I believe it’s a pocket gopher. If you look at the photo you can see roughly two lobes that make a heart shape. The top of the heart, the cleavage is at about 4-4:30 of the pile. The hole is under that part of the pile. Each lobe is made from either leg kicking soil out of the hole.
Most often the hole will branch out into a corridor, so you’ll have two holes.
Gotta dig down to those and trap each side. I wire all my traps in pairs and then just wrap it around a stake mid point of the wire to hold it.
I probe the ground to find the direction of the tunnel and use a large serving spoon to dig out the exit hole in the mound until finding the tunnel.
The secret to use the gophinator for me anyway is to enlarge the exit hole to twice the diameter so the gopher has to push a whole lot of dirt to fill it.

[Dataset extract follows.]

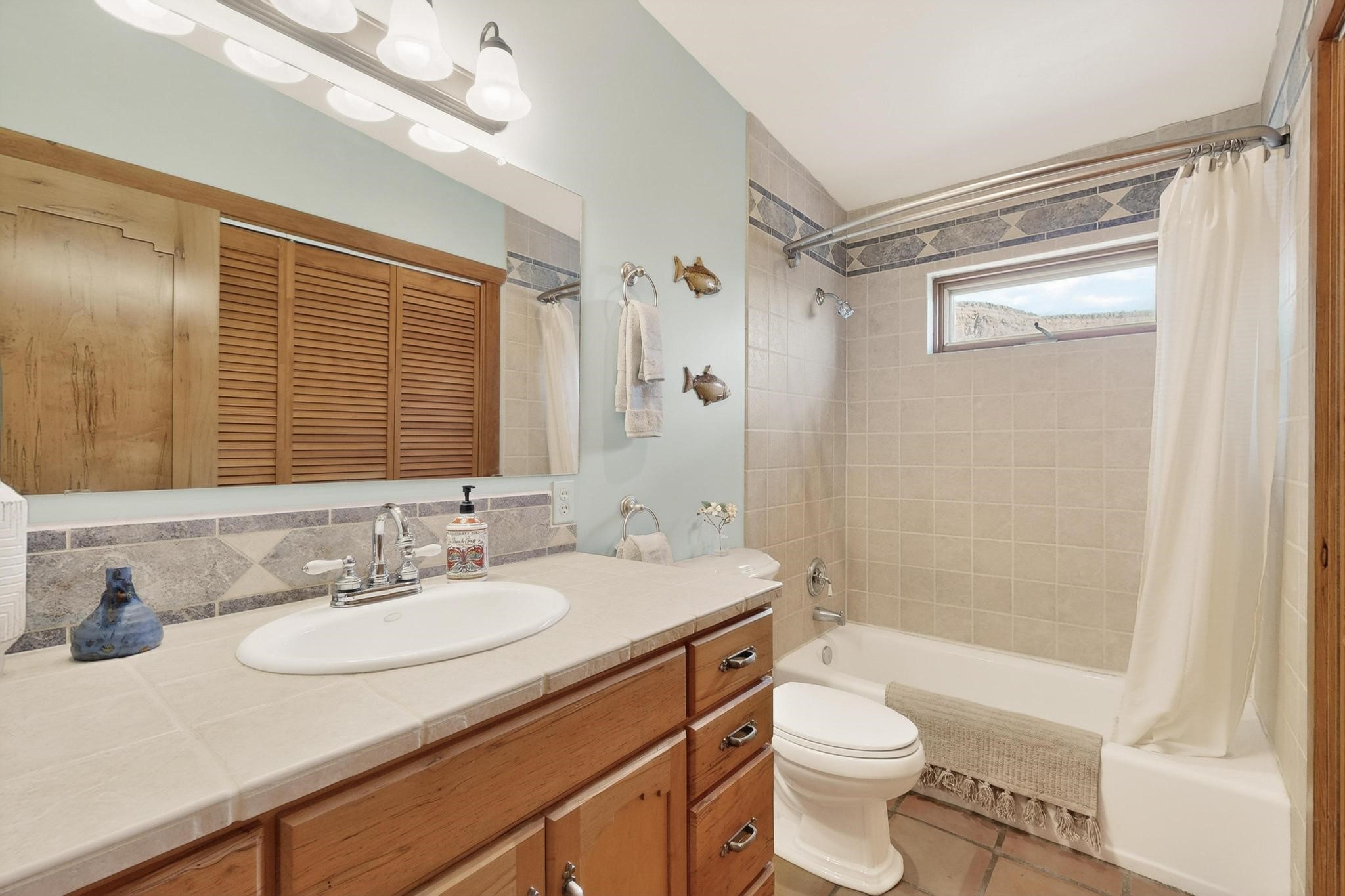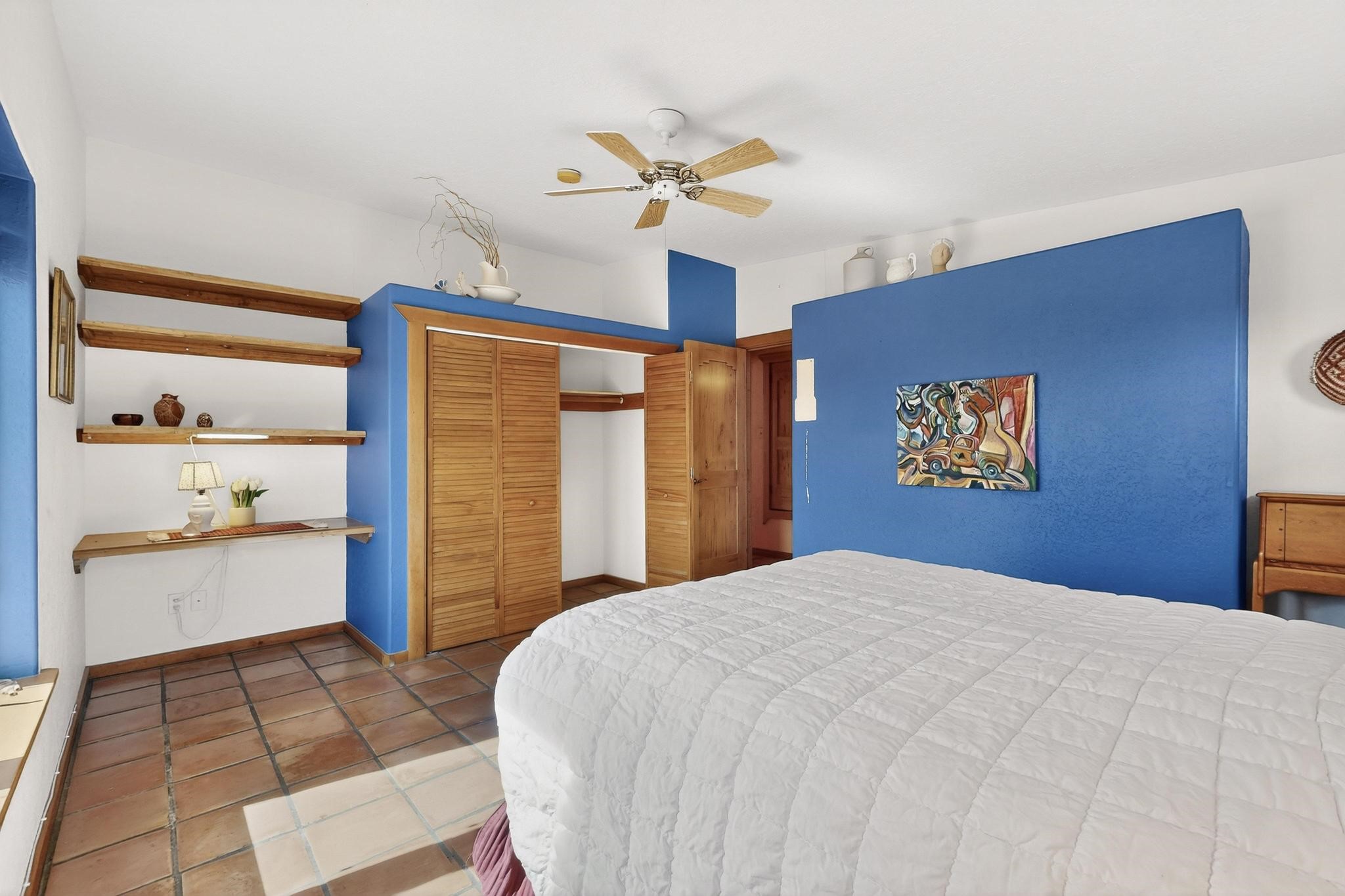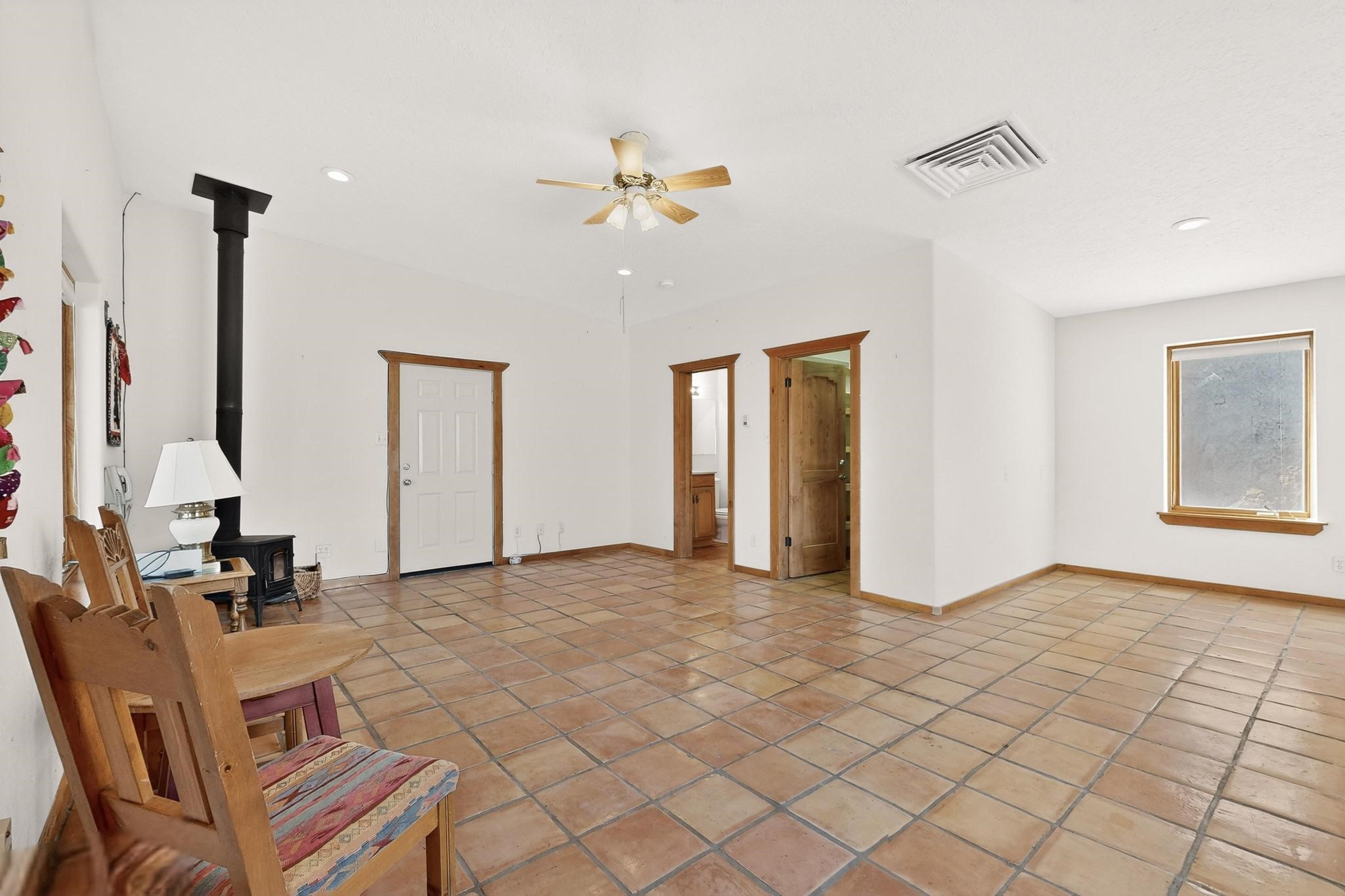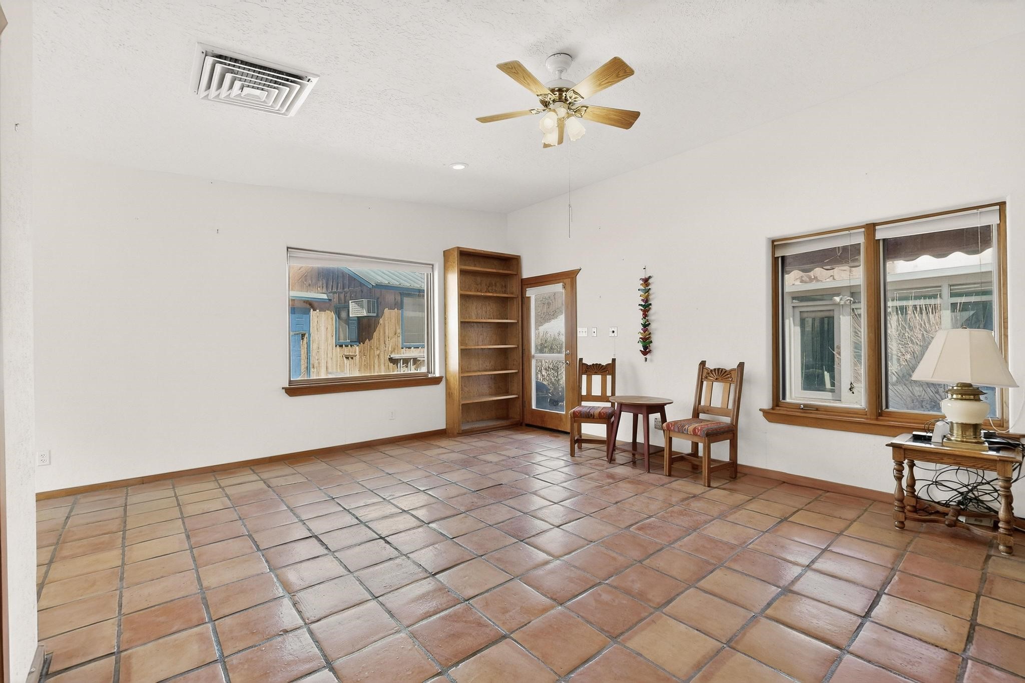 An Elevated Southwest experience on 5.75 acres set against breathtaking Red Mesas of Jemez, capturing expansive VIEWS & exceptional seclusion in a private end of road setting. Enter through courtyard garden into great room, high wood beam ceilings & Radiant Saltillo tile throughout. Spacious kitchen w/ island opens seamlessly for gathering & entertaining. Meticulously cared for, this property reflects lasting quality. Beautiful, spacious primary suite w/ private bath & walk in closet. Comfortable enclosed sunroom w/ hot tub for year round relaxation. Outside, Casita beautifully finished in matching materials, perfect for guests or multigenerational living. Newer TPO roof, 2 fireplaces, laundry room, oversized finished 2 car garage w/ workshop & generator, plus additional studio & RV PAD.At the crown of established Tower Ridge Road, this bespoke retreat commands sweeping red rock views and a rare sense of privacy. The home enjoys a naturally elevated setting where surrounding residences remain respectfully set apart, while direct access to bordering public land opens to miles of unspoiled landscape and quiet exploration. Pella windows throughout, complemented by automated skylights with remote controlled venting a. The spacious primary suite, well appointed bath, walk in closet. The laundry room offers thoughtful functionality. Throughout the home, doors, cabinetry crafted from hardwood, coordinated hardware.The detached casita offers exceptional flexibility for guests or extended stays, wood burning stove, radiant floor heat, Evap. cooler, heating, private bath.Detached studio annex heating /cooling wall unit 3 skylights, ambient diffusing shade screens, offering exceptional versatility for art, yoga, storage, studio work, a wood shop, light industrial projects.An oversized finished 2 car garage, storage or projects. A propane powered generator is also included. Full tiled sunroom with a nice hot-tubFurniture may be available with an acceptable offer.

I put the trap just under the surface into the enlarged hole with a wire attached to a substantial stake. After catching one, just pull it out, and backfilll the hole with the dirt mound the dirt the gopher already has on the ground. Much less damage to the lawn vs digging a hole and using two traps.
I’m 100% on this method. Don’t have a count but I’ve trapped one a week or more for 30 years we lived here.
I use a wire and substantial stake because coyotes cruise our yard and if they cross a trap location, they dig it out and have dinner.